▸ **Activity**
Would you write out the lines below exactly, from the one containing "Để giải quyết" to the very last, but without the pictures?
*** Given data
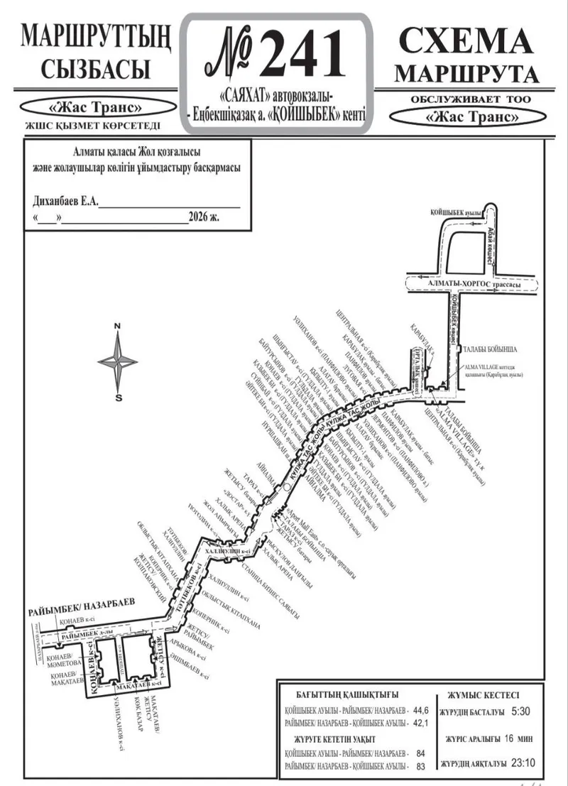 Популярный среди жителей Алматинской области маршрут – №241, соединяющий Алматы и пос. Койшибек, будет курсировать по новой схеме с 28 февраля 2026 года, сообщает Zakon.kz.
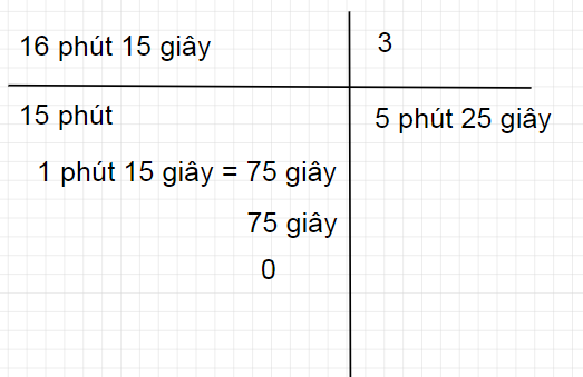 Để giải quyết bài toán này, chúng ta có thể sử dụng phép chia để tính số giây trong 16 phút 15 giây chia cho 3.
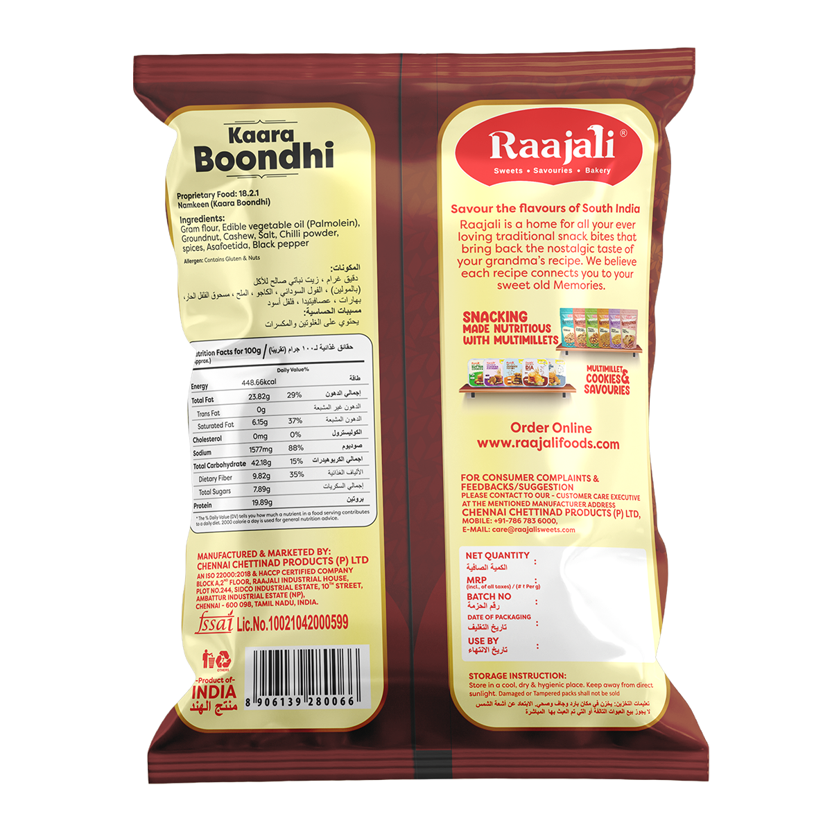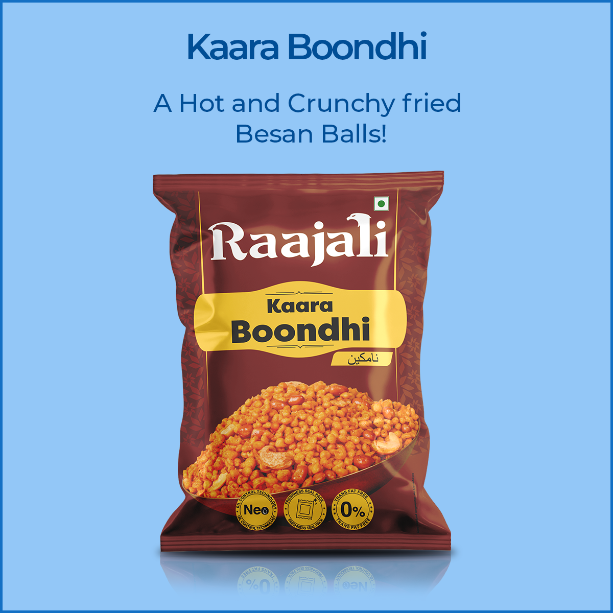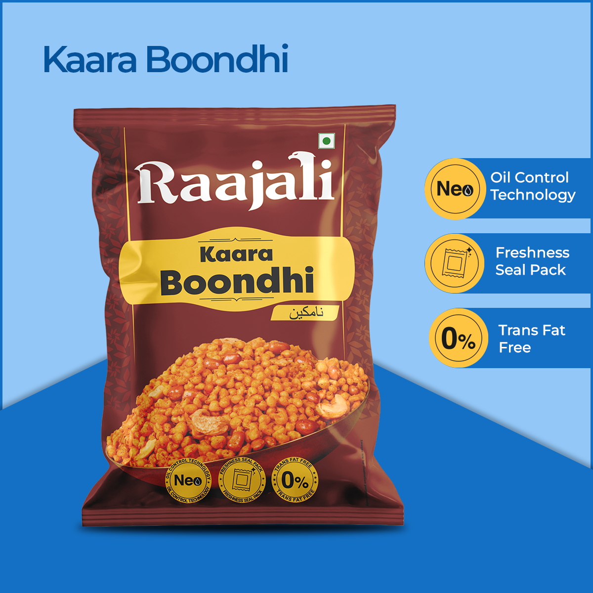 Dive into the spicy, crunchy world of Raajali's Kaara Boondhi, where each 140g pack is a treasure trove of flavor.
******
▸ **Answer to the exercise**
 Để giải quyết bài toán này, chúng ta có thể sử dụng phép chia để tính số giây trong 16 phút 15 giây chia cho 3.
 Dive into the spicy, crunchy world of Raajali's Kaara Boondhi, where each 140g pack is a treasure trove of flavor.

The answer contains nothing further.